The findings have not been replicated in any other laboratory, primarily because the researchers who discovered the cancer-immune mice have only recently bred enough to supply them to other scientists.
"Our initial ability to collaborate was very limited by the number of mice that were actually available," said Dr. Mark C. Willingham of the Wake Forest University School of Medicine, a coauthor of the paper.
But Dr. Zhen Cui of Wake Forest, whose team published the findings in the Proceedings of the National Academy of Science, said he expected rapid replication of the results because the findings were so clear-cut and easily observed.
"This is a truly remarkable phenomenon … and it really needs confirmation from other institutions," he said.
Cui and his colleagues stumbled on the immune mice by accident in 1999. They were injecting mice with a highly virulent form of cancer cells as part of an ongoing study of the biological mechanisms that cause cancer to spread.

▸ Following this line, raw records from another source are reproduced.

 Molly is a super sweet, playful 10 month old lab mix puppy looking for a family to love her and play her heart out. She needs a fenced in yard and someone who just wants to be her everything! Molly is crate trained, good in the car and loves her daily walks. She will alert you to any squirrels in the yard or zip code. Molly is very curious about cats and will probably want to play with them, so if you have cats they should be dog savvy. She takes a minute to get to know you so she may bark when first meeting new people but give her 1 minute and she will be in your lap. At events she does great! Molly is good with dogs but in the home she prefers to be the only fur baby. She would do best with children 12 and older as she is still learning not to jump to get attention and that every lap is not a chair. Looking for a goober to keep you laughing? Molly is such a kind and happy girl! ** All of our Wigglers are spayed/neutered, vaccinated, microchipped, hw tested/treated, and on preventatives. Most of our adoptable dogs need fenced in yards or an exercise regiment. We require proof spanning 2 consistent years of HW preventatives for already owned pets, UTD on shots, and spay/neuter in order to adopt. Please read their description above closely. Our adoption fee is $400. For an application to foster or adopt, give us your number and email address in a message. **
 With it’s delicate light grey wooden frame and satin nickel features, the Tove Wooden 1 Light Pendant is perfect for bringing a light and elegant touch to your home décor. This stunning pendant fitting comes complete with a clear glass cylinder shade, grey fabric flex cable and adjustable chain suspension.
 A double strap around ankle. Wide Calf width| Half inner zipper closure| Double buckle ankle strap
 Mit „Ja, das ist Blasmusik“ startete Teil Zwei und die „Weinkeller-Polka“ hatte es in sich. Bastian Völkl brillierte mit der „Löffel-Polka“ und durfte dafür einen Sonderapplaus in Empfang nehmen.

On April 13 of that year, a graduate student told Cui that one of the mice she had injected did not develop a tumor. Assuming the student had simply overlooked the mouse, he told her to do it again. And again.

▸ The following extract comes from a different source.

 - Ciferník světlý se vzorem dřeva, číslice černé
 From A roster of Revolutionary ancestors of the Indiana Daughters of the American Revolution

After a total of five injections — the last equal to 10% of the animal's body weight — the mouse remained free of tumors.
Intrigued, they bred the mouse and found that about half its offspring had the same resistance. The trait bred true through subsequent generations and the team eventually had a colony of about 700 resistant mice. Cross-breeding the mice with other strains transferred the resistance to them as well.
When cancer cells are injected into the mice, their white blood cells surround the tumor cells and rupture them in a process called cytolysis. The same killing process occurs when tumor cells are formed naturally by the action of carcinogens.
As the animals get older, injected cells might form a tumor, but the cancer is cleared in a day or two. The animals live a normal lifespan, about two years.
In the new study, the team took white blood cells from the immune mice — a combination of natural killer cells, macrophages and neutrophils — and injected them into mice already carrying a variety of tumors, some of which were extremely aggressive. In every case, the cancers were destroyed, even if the cells were injected at a point distant from the tumor. Healthy tissues were not affected.
The mice that received the cells, furthermore, were protected from new tumors for the rest of their lives. The researchers have no idea how the immunity continues.
"This is the first report of a novel [treatment] mechanism," said Dr. Andrew Raubitschek, a cancer immunologist at the City of Hope National Medical Center in Duarte. "The two most dramatic things are: one, that the response itself is outstanding, and two, the fact that they looked at a variety of different cell lines and found the activity was there for all of them."
The fact that the immunity can be transferred between mice indicates that the phenomenon is more than a simple aberration in one strain of mice and gives hope that such manipulations can lead to a therapy for humans.
"This deserves intensive follow-up," said Dr. Richard Miller of the University of Michigan Medical School. Cui's papers "are technically sound, carefully controlled and well thought out. But whenever there is a result this surprising, it's always important to have others confirm it."
Cui and his colleagues believe that the resistance results from a mutation in a single gene and are attempting to find it, but that has proved frustrating. The primary problem is that while the gene mutation may be in one location in one family of mice, it may occur on a different chromosome in another family.